Automating Agential Reasoning: Proof-Calculi and Syntactic Decidability for STIT Logics
This work addresses the automation of agential reasoning in formal logic, which is incremental as it builds on existing STIT frameworks.
The authors tackled the problem of automating reasoning in STIT logics by developing proof-search algorithms and automated counter-model extraction, answering an open problem about syntactic decision procedures and cut-free calculi. They introduced new cut-free labelled sequent calculi and refined them with propagation rules, proving correctness and termination for single-agent cases.
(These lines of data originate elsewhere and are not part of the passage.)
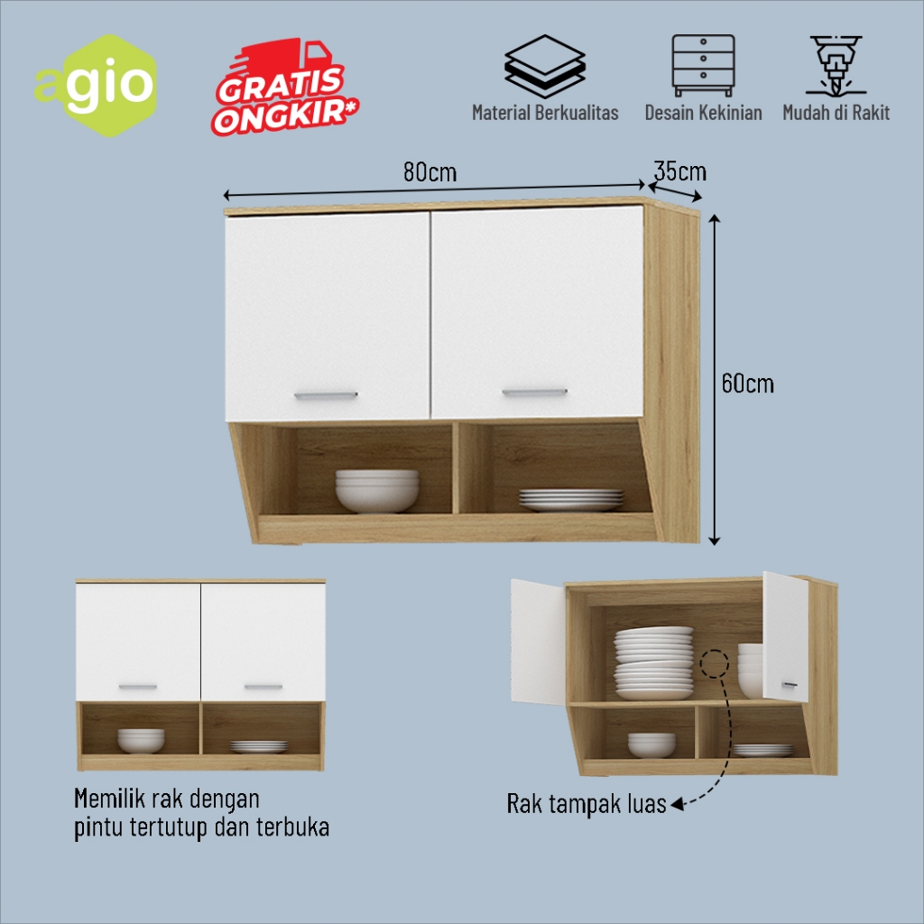 Kitchen Set Atas Minimalis 3 Pintu / Rak Dapur Gantung / Rak Piring Minimalis Modern / Rak Piring gantung / Best Seller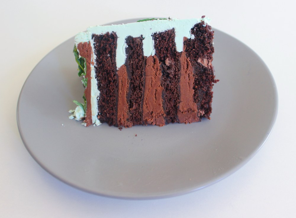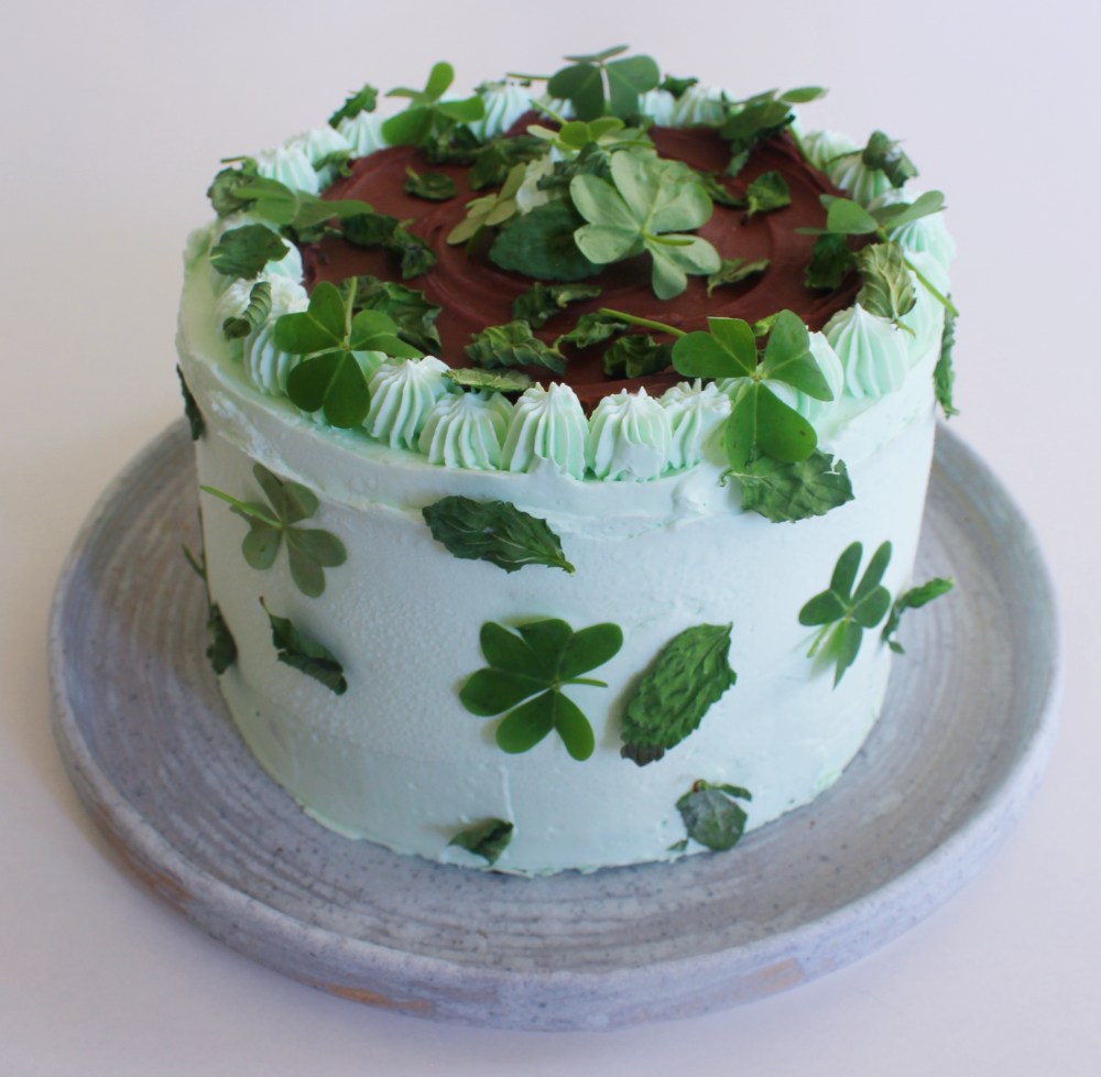 A long, long time ago, I made a grasshopper pie using creme di menthe, which is an intense mint liquor. Think alcoholic Listerine, To be honest, outside of extremely niche usages, like maybe a mint julep, I can’t see why anyone would want to drink creme di menthe, especially on its own. That being said, when cooked down, it can flavor a mint dessert gorgeously, with a distinct mint flavor. I can maybe see it also working in a mint jelly situation that you might pair with lamb(but honestly, does anyone actually eat the mint jelly served with lamb? I always found it weird, but maybe it’s a cultural thing). That whole tirade about creme di menthe to say, I’ve had some fun experimenting with this liquor. So for St. Patrick’s Day this year, I wanted to bring that creme di menthe back, and use it in a chocolate shamrock cake. Which is just my semi-festive way to say it is a chocolate mint cake. For the cake itself, as a small nod to Irish soda bread, I used soda water in the batter, just to give the chocolate cake a light, airier crumb. Fun fact: carbonated beverages make cake batters fluffier. I layered that with a soak, a mint ganache, similar to a nama chocolate, but replacing the sake with our favorite creme di menthe to impart that mint flavor. I also made an Italian meringue buttercream with the creme di menthe, which took on a gorgeous green color and a pleasant mint flavor – tempering that stuff with sugar and butter seems to be the way to go, at least in terms of making creme di menthe tolerable in a dessert, but that might just be a general rule of thumb for everything. To garnish, I microwaved mint leaves to dry them out, and also got fresh oxalis(wood sorrel, which looks like a clover and has a sour pop to them), just to add more natural greenery.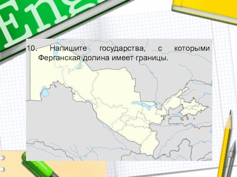 10. Напишите государства, с которыми Ферганская долина имеет границы.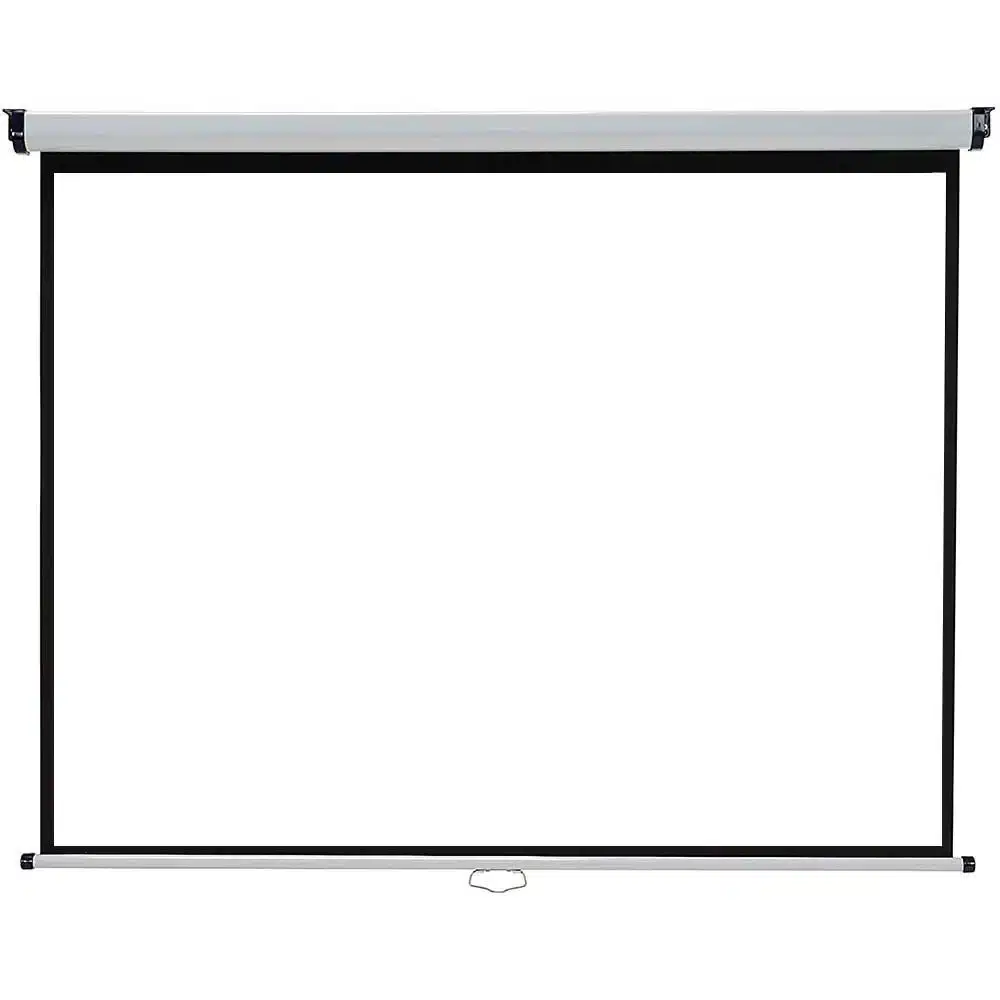 Designed for stability and durability, the screen features a double wall and ceiling mount, making it ideal for use in classrooms, conference rooms, or home theaters. Its sleek design and easy installation make it a practical choice for professional presentations or immersive home entertainment.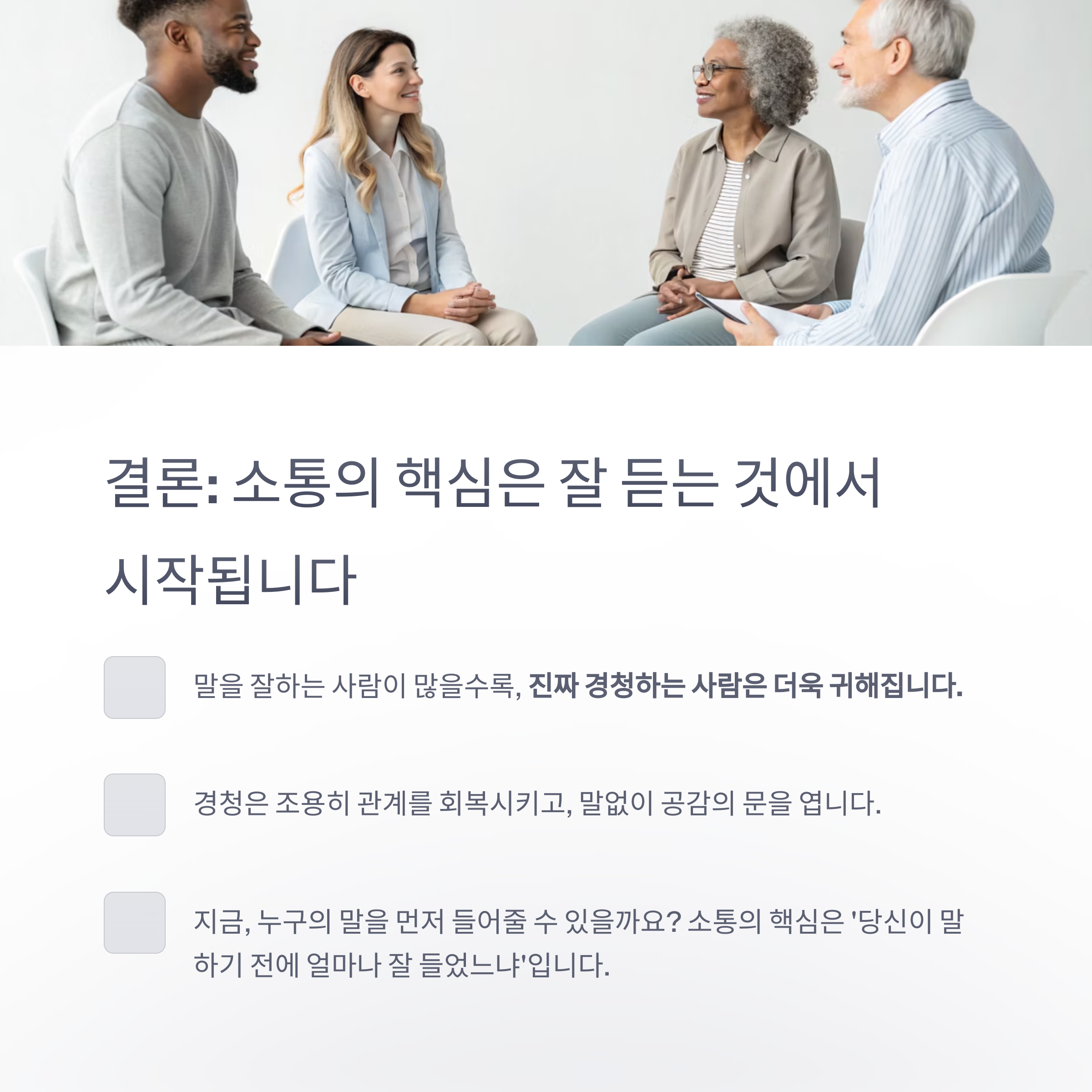 결론: 소통의 핵심은 잘 듣는 것에서 시작됩니다

This work provides proof-search algorithms and automated counter-model extraction for a class of STIT logics. With this, we answer an open problem concerning syntactic decision procedures and cut-free calculi for STIT logics. A new class of cut-free complete labelled sequent calculi G3LdmL^m_n, for multi-agent STIT with at most n-many choices, is introduced. We refine the calculi G3LdmL^m_n through the use of propagation rules and demonstrate the admissibility of their structural rules, resulting in auxiliary calculi Ldm^m_nL. In the single-agent case, we show that the refined calculi Ldm^m_nL derive theorems within a restricted class of (forestlike) sequents, allowing us to provide proof-search algorithms that decide single-agent STIT logics. We prove that the proof-search algorithms are correct and terminate.